Everyone else sucks.
You're all losers and
can go to hell for all
I care because you are
stupid and don't understand
me. My boyfriend said he
cared but then he was
with that slut the next
night so I just said
f*** you and flipped him
off.

Sorry for the language, but that's a direct quote. Or close enough to a direct quote to justify the language, though I did at least edit that one bit. (I really do try to be sensitive.) "Suicide" just got thrown out with these type of poems by every one else on the staff, and I couldn't say much because I didn't want Hester Nesbit to win the $20 Barnes and Noble gift certificate.

But back to sunrises - the poem I submitted under my own name was in part about a sunrise, and I titled it WINTERS COMING in all caps like that. The idea was that, given that the opening lines talked about snow, you'd initially think of the title as a possessive - Winter's coming - but then you'd realize that there wasn't an apostrophe, so maybe a direct reading, with coming serving as an adjective modifying multiple winters, could be intended. Which was about half of the poem's merit - leading thoughts from a single winter to many, from present to future. I'd reproduce the poem here, but I'd rather not. Really, I don't like it much. But get this - whoever typed up this poem for the literary magazine decided to "edit" it and corrected my title, so that in its published form, it's titled "Winter's Coming." They also changed the damns in Hester's story to darns. This only made it even worse, and it should never have been published, but they only had three or four stories submitted, so they printed them all.

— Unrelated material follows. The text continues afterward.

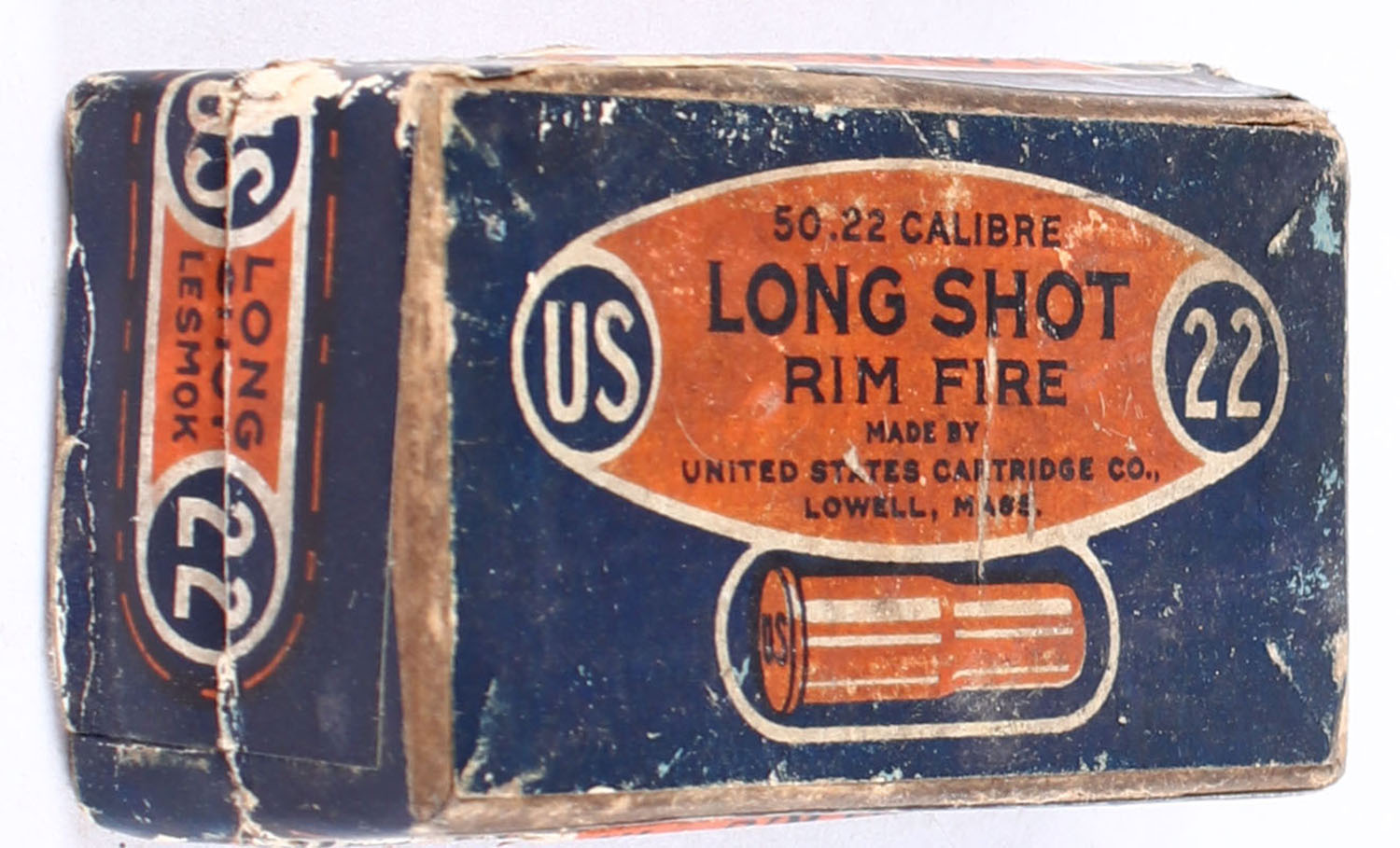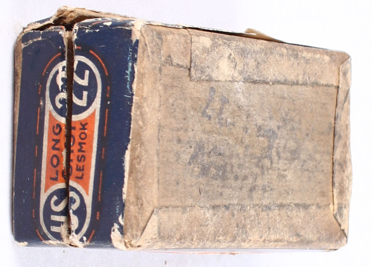 U.S., Rim Fire, .22 Long Shot, Lesmok, RHWeb: US-7 L-1a, Partial 33rds. 2pc. Buff box with blue/orange top & side sealing labels, box is solid with very good color, some age soiling & shelf wear, some edge & corner wear, labels are intact, ammo is excellent. Grade: Very Good + - Value: 30 to 45

The saddest thing I've ever seen in my life was an article in the Spanish Fork Press about a local woman who'd won a poetry competition. This was all fine, but when I went on to read the article, it turned out it was an online poetry contest that she'd entered, and within just a couple days she got an email announcing that she'd won and they wanted to publish her poem! She could even purchase a leather bound, archival quality volume with gold-colored edging featuring her poem with the other winners! And she could purchase multiple copies to give to her friends and relatives so that they could recognize her achievement! And she could buy a trophy for her 1st place poem! They article featured a photo of her being (mock)presented this trophy by her son or someone. She probably also bought several copies of the book. They printed her award-winning poem, and it looked about like the kind of poem that most often wins poetry contests - really really bad, but acting like it was good. I've never claimed to be a good poet (which is probably a lie), but I've got a pretty good eye for really bad poems, and this one was among the worst. I was heart-broken to imagine her celebrating her victory and contacting the local paper to have them write a story about it. But I'm sure she's still very proud of her poem and her achievement, and has never regretted spending potentially hundreds of dollars on archival quality volumes of poetry and trophies, so there's maybe no reason to be sad at all.

This is all on my mind in part because, as Chandler pointed out, most of the poets we're likely to find in Argentina will be pretty mediocre at best. But I think the purpose isn't to find good poetry or bad poetry or to make any kind of judgment of poetry - but in sharing poetry as a way to meet random interesting people. And moving away from poetry as art to poetry as human.